Nothingman / 2007-10-22 12:39:15 /
Niestety nie znalazłem tego numeru opisującego rejestrację zabytku ze złomu.
Gnieciuch / 2007-10-22 13:00:43 /
Łatwiej będzie zarejestrować zabytkowy samochód
Mniej dokumentów i zbędnych formalności przy rejestracji czeka kolekcjonerów starych pojazdów
Wystarczy, że wojewódzki konserwator zabytków wyda zaświadczenie o stanie auta, a wydział komunikacji będzie musiał je zarejestrować. To jedna ze zmian w kodeksie drogowym uchwalonych wczoraj przez Sejm.
Głównym celem projektu przygotowanego przez komisję „Przyjazne państwo” było ułatwienie życia miłośnikom starych aut. Pojazdy mają często po kilkadziesiąt lat i nierzadko brakuje im wymaganych przez kodeks drogowy do rejestracji dokumentów. Są sprawniejsze niż niejeden jeżdżący po drogach samochód, a nie mogą zostać dopuszczone do ruchu. Celem nowelizacji jest więc ułatwienie rejestracji pojazdów zabytkowych.
W noweli rozszerzona została definicja pojazdów zabytkowych na samochody znajdujące się w kolekcji muzealiów. Dziś pojazd zabytkowy, który jest wpisany do księgi muzealiów, nie może być jednocześnie wpisany do rejestru zabytków. Oznacza to, że takie auto nie może być zarejestrowane, czyli dopuszczone do ruchu. Cierpieli na tym miłośnicy starych aut. Nowe przepisy mają też umożliwić rejestrację pojazdów historycznych, których unikalność została potwierdzona przez rzeczoznawcę. Taki pojazd musi jednak liczyć co najmniej 25 lat.

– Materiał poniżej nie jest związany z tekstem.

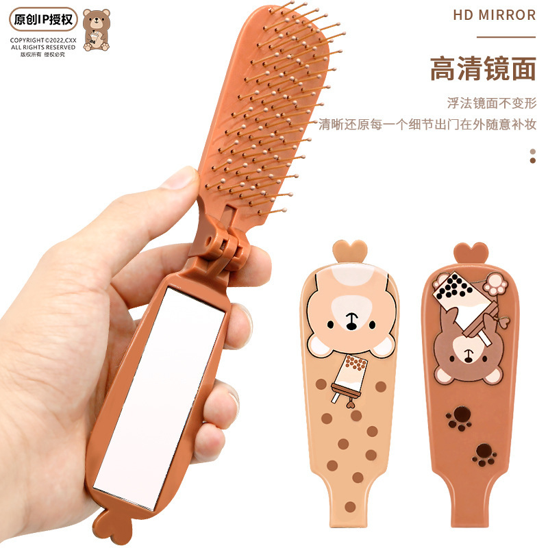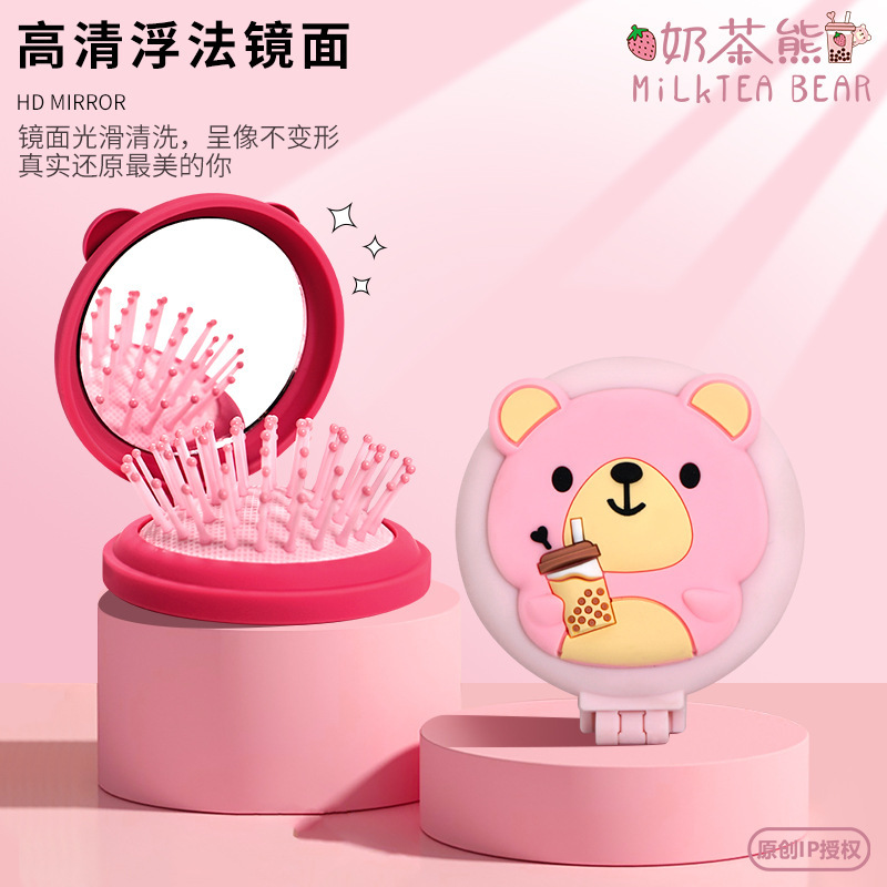 オリジナルipミルクティー熊かわいい折り畳み櫛小アンドロメダ化粧鏡携帯エアクッションマッサージ櫛漫画エアバッグ

Dotychczas pojazdy te nie mogły być zarejestrowane, obowiązywał bowiem formalny wymóg – dany model nie mógł być produkowany od 15 lat. Tymczasem niektóre koncerny wznawiały produkcję starych modeli, nie zmieniając ich nazwy – np. Volkswagen garbus, Renault 4. Znowelizowane przepisy dopuszczają zarejestrowanie zabytkowego pojazdu, nawet gdy jego właściciel nie posiada dowodu rejestracyjnego (został zagubiony, np. w czasie wojny lub w innych sytuacjach, w których jego odnalezienie jest niemożliwe).
– To pozwoli na lepszą ochronę pojazdów zabytkowych – twierdzą autorzy projektu. Brak dowodu – jak sprawdzili – jest jedną z najczęstszych przeszkód w rejestracji.
Nowe przepisy dopuszczają rejestrację na podstawie zaświadczenia wydanego przez wojewódzkiego konserwatora zabytków.
Zmienione prawo ma szansę wejść w życie jeszcze w tym roku (posłowie przewidzieli 14-dniowe vacatio legis). Teraz trafi do Senatu.
Rzeczpospolita
Zapomniałes podać źródło cytatu :) np.:
http://www.rp.pl/artykul/69118,205425_Latwiej_bedzie_zarejestrowac_zabytkowy_samochod.html
pzdr
ps. ktoś już o tym pisał na capri.pl - 16.10.
no na dole jest rzeczpospolita, wszystko jedno właśnie stąd przekopiowałem.
też to dzisiaj czytałem w rzepie i miałem właśnie o tym napisać
brzezin / 2008-10-17 17:32:54 /
Mam pytanie czy ktoś z naszych forumowiczów przerabiał temat po nowelizacji ustawy czuli rejestracja zabytkowego pojazdu bez dowodu rejestracyjnego. Chciał bym się dowiedzieć jak to wygląda szczegółowo, czy są jakieś problemy lub coś z tym związanego ??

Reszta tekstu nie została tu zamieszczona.